Hi guys. Tomorrow me, my sister and friend are going to the annual pet blessing at a Church that my big sister goes to. I'm excited because this is the first time I've gone to a pet blessing with a group of people. XD Do you guys attend Pet blessings? I'm taking my cat again this year. ^^


----------



## lohachata (Jan 27, 2006)

i have no reason to go to a pet blessing..if god wants to bless my pets he can handle right here in the house...i have head of a lot of people taking their pets to be blessed..
but there is nothing the preist can do that god cannot do himself..


----------



## ZebraDanio12 (Jun 17, 2011)

Is that like...getting baptized for animals?


----------



## emc7 (Jul 23, 2005)

Here they bless backpacks once a year. I wonder how they would react to a dozen styros filled with individually bagged fish. 

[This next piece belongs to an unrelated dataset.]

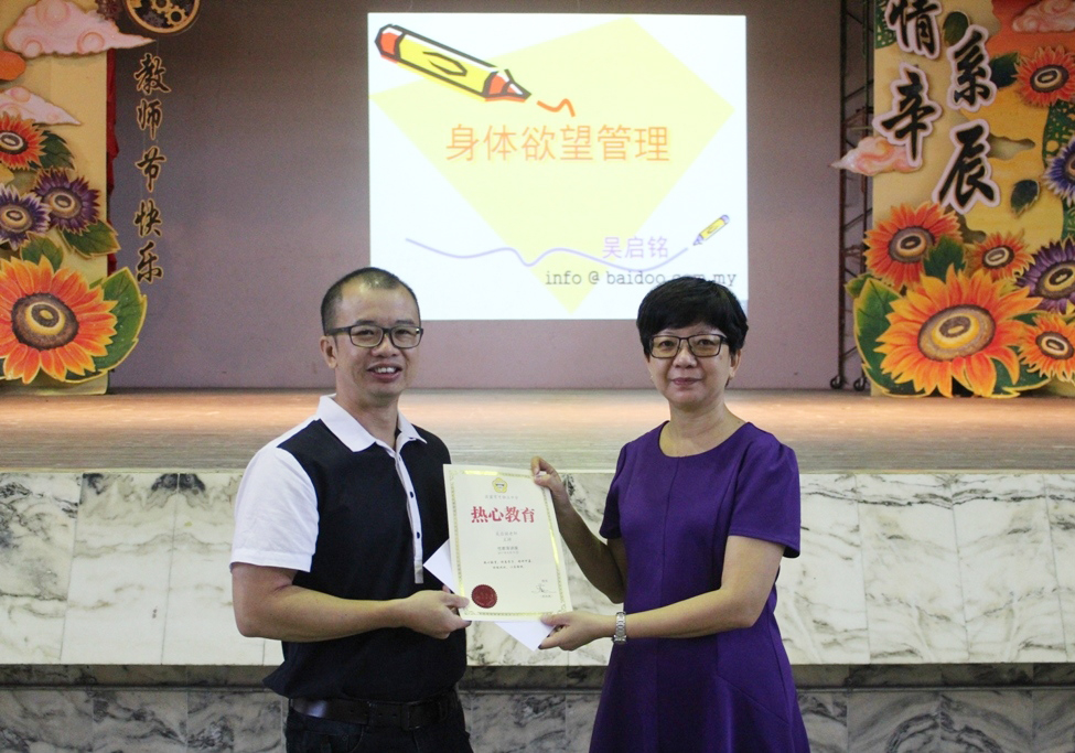 本校副校长兼辅导主任陈美云(右)颁赠纪念奖状给马来西亚性学会(雪隆区)名誉会长吴启铭。

God Bless all of you and all your animal.


----------



## C. King (Dec 14, 2012)

My local Catholic Church has a pet blessing every year, on St Francis feast day. It is fun! The best pet blessing I have ever attended was in Key West. The Priest actually invited all pets into the church (dogs on leashes, smaller pets in proper cages, of course) and we celebrated Mass right there. Dogs sat beside us in the pew (including our own terrier) and everyone got along fine! At one point, a dog in the back of the church began to howl during a prayer, and the priest just went along with it, adding, "and may God bless all the howling beasts..." 
Everyone is welcome to bring their pets for the blessing-- you do not have to be a Catholic (and neither do your pets!)  Also, my friend who is a Lutheran, says they also have a pet blessing day. What a great way to celebrate God's amazing creatures!


----------



## Ice (Sep 25, 2006)

The most ridiculous thing I've ever heard. I agree with loha


----------